The best-known original version is in mono. However, in subsequent compilations a different take from the same recording sessions is available in stereo.

==Lyrics==
The song is sung from the point of view of a man whose girlfriend has left him. She is mostly referred to in the third person, but she is briefly addressed in the second person in the lyric "wishin' you were here by me".

==Certifications==

| Region | Certification | Certified units/sales |
| United Kingdom (BPI) | Silver | 200,000^{‡} |
^{‡} Sales+streaming figures based on certification alone.

==Covers==
- In 1962, an instrumental version was released by Lawrence Welk and His Orchestra. Welk's version spent 6 weeks on the Billboard Hot 100 chart, reaching No. 56, while reaching No. 5 in Hong Kong, and No. 8 on Canada's CHUM Hit Parade.
- A version by the Small Faces was released on From the Beginning in June 1967.
- Elvis Presley covered the song while performing at the International Hotel in Las Vegas in August 1969, appearing on the 1970 album On Stage. During Presley's August 26, 1969 midnight show, Presley performed "Runaway" and then introduced Del Shannon in the audience. This performance was later released on the box set Collectors' Gold. Years later, Shannon would relate this story to Bob Costas on his late-night television program Later with Bob Costas.

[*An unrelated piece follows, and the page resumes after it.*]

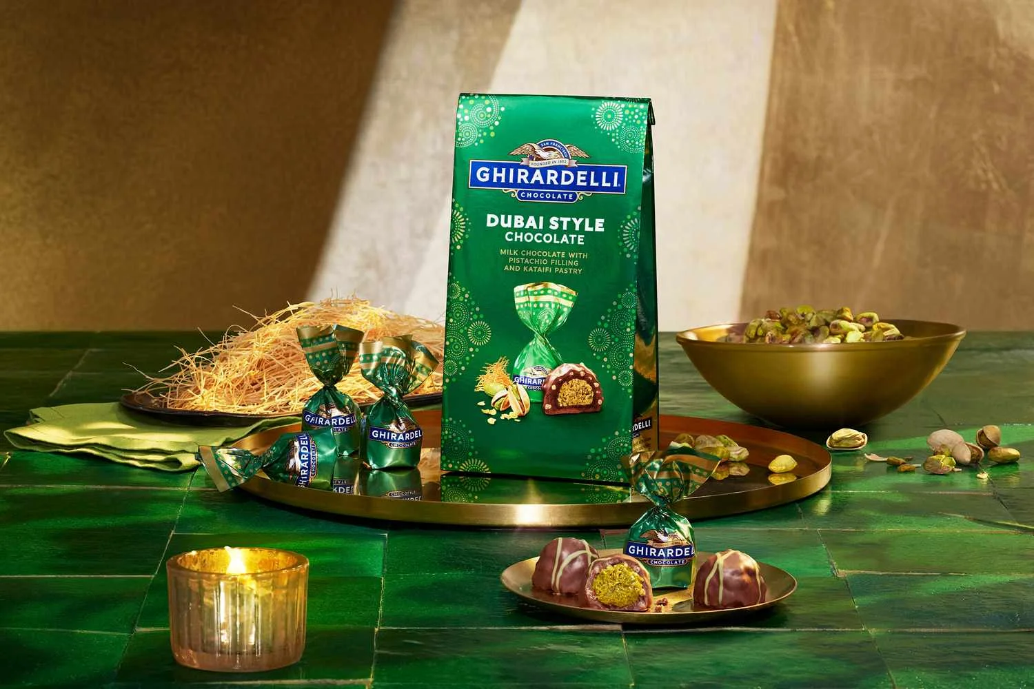 - Ghirardelli has joined the Dubai chocolate trend with new milk chocolate–covered truffles filled with pistachio cream and crunchy kataifi, offering a bite–sized spin on the viral dessert.

- In 1974, Dave, a Dutch singer who sings in French, covered the song under the title "Vanina", the song having been adapted by Patrick Loiseau. "Vanina" reached No. 1 in France and No. 27 in Flanders. Dave also covered the song in German in 1975 ("Mein Mädchen Monika") and Spanish ("Vanesa"). In 2011, he released a soul version of "Vanina" on the album Blue Eyed Soul, along with a music video, that reached No. 90 in France.
- In 1975, Charlie Kulis, a schoolteacher from New York, released a cover version on Playboy Records. Promotion for the single included an appearance on American Bandstand. Kulis's version spent eight weeks on the U.S. Billboard Hot 100, reaching No. 46, while reaching No. 40 on Billboards Easy Listening chart.

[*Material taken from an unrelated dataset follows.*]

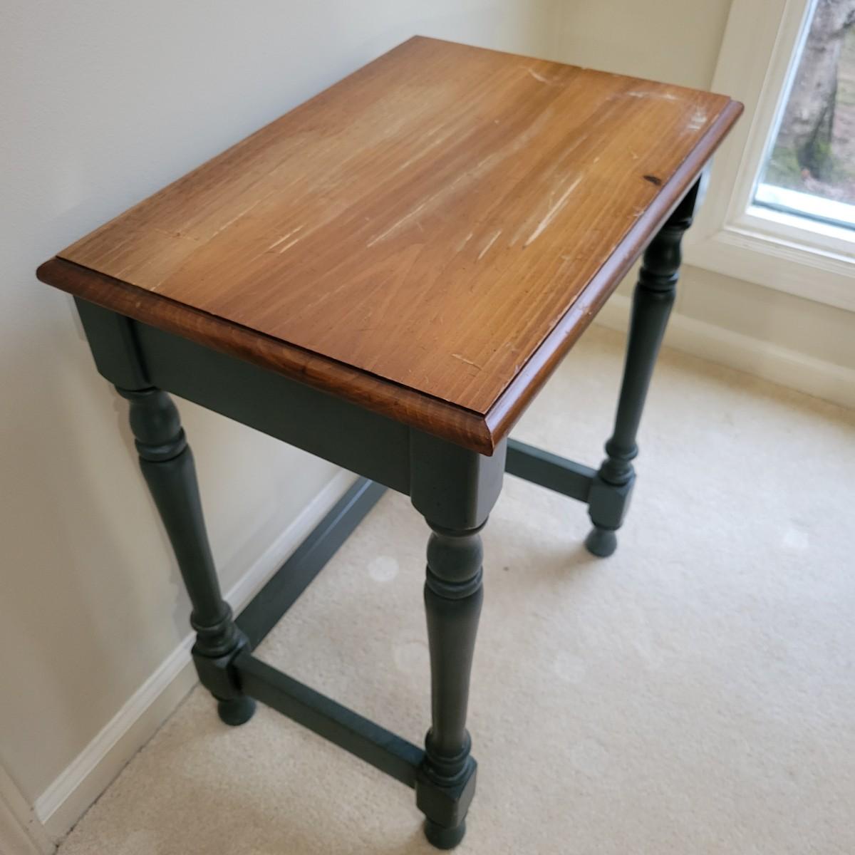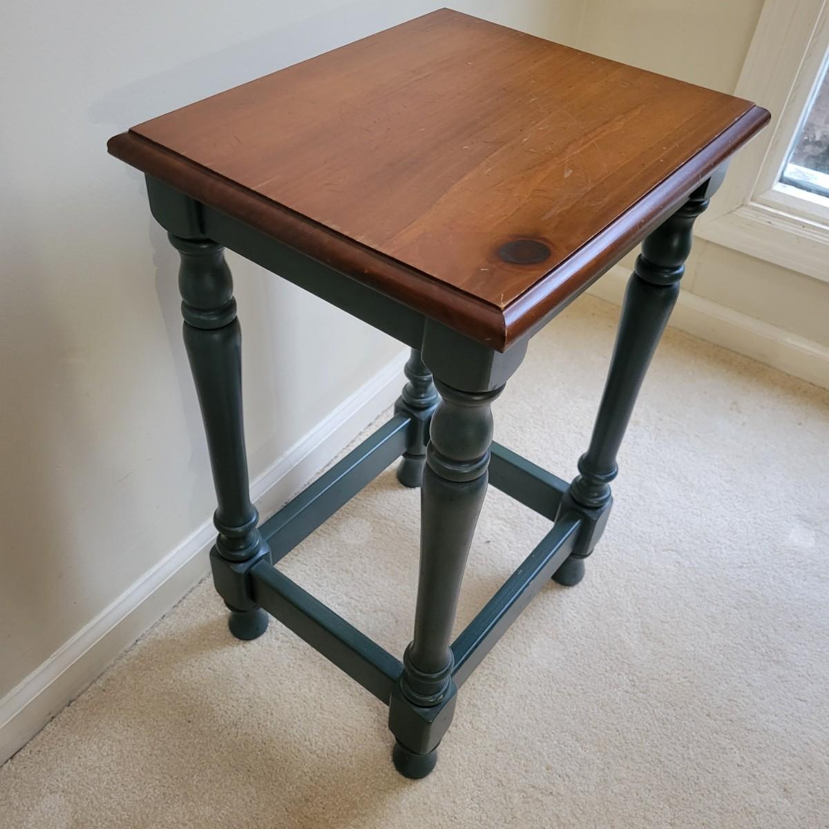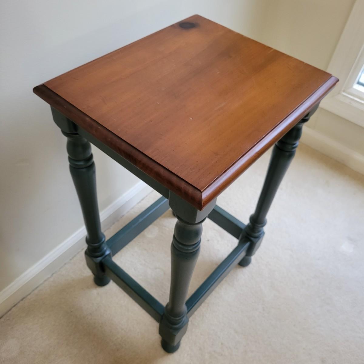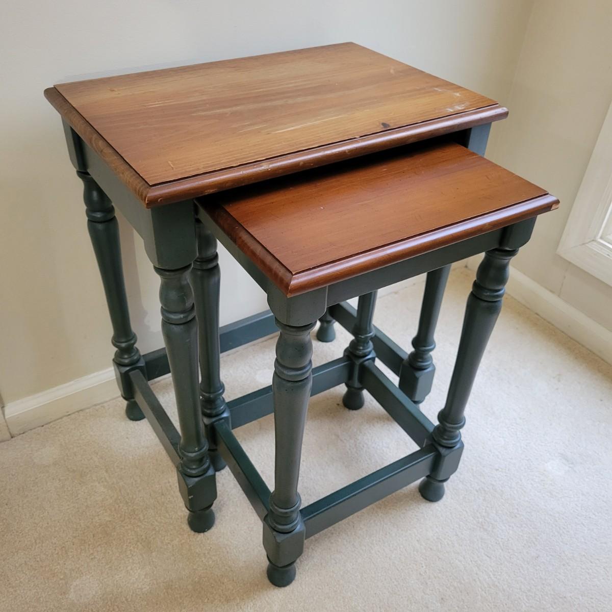 A pair of wooden nesting tables in good condition with some minor blemishes and scratches. These tables have medium stained tops with blue legs. The smaller table does have a slightly darker stain, likely from the larger table having sun fading. Larger table measures approximately 19" x 13" x 23". Local pickup only

- In 1977, Bonnie Raitt included a bluesy version of the song on her album Sweet Forgiveness. Also released as a single, it reached No. 57 on the U.S. Billboard Hot 100.
- Narvel Felts covered the song in 1978 and took it to No. 30 on the Hot Country Singles charts.

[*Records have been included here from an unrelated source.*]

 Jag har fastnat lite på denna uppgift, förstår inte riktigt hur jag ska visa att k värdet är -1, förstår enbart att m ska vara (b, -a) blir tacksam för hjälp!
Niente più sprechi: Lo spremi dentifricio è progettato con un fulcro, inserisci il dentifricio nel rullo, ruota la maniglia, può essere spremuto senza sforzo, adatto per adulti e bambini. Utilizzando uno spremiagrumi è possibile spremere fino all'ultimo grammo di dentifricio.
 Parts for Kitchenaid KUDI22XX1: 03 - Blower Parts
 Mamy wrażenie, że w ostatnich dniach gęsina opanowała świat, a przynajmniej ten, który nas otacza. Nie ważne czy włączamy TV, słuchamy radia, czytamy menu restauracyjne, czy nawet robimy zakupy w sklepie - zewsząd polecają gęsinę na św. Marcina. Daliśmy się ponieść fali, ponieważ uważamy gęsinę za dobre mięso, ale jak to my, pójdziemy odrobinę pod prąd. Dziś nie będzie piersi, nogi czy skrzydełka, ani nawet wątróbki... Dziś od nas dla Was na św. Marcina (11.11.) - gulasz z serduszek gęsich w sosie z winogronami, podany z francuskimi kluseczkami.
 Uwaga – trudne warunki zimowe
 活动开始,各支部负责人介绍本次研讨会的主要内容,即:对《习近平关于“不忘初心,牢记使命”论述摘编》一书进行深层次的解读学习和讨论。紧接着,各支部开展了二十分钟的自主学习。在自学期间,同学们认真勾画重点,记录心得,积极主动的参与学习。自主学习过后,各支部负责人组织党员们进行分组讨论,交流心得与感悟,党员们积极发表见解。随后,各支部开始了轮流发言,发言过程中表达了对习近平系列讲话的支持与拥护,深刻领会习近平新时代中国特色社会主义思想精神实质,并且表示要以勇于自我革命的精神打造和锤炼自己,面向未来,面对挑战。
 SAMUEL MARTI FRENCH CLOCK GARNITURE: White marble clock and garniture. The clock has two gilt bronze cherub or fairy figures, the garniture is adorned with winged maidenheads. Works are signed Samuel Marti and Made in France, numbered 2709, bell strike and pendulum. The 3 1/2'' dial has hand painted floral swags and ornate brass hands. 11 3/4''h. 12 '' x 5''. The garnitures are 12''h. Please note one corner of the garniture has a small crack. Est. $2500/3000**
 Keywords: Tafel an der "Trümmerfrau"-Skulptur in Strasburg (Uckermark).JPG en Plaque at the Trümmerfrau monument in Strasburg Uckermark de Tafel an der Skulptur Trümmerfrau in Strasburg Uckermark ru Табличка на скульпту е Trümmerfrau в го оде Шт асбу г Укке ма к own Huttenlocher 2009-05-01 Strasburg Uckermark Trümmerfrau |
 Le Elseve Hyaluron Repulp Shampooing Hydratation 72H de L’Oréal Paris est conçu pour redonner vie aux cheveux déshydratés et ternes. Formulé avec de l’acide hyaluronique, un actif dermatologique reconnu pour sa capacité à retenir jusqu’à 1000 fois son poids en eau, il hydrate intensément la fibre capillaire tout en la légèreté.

- In 1986, Luis Cardenas, lead singer of the rock band Renegade, reached No. 83 on the US Billboard Hot 100 with his cover version, which is best remembered for its live action/animated video that features cameo appearances by Del Shannon and Donny Osmond.
- In 1987, Swedish pop legend Fredrik Willstrand recorded a cover version for his eponymous album.
- The supergroup Traveling Wilburys recorded a version of the song in 1990, with Jeff Lynne singing lead vocals; it was released on a 2007 CD reissue of Traveling Wilburys Vol. 3.
- Australian artist Ed Kuepper included a 10-minute live version of the song on The Aints 1991 album S.L.S.Q – Very Live!
- A cover by Gary Allan reached No. 74 on the Hot Country Singles & Tracks chart in 2000, despite not being officially released as a single.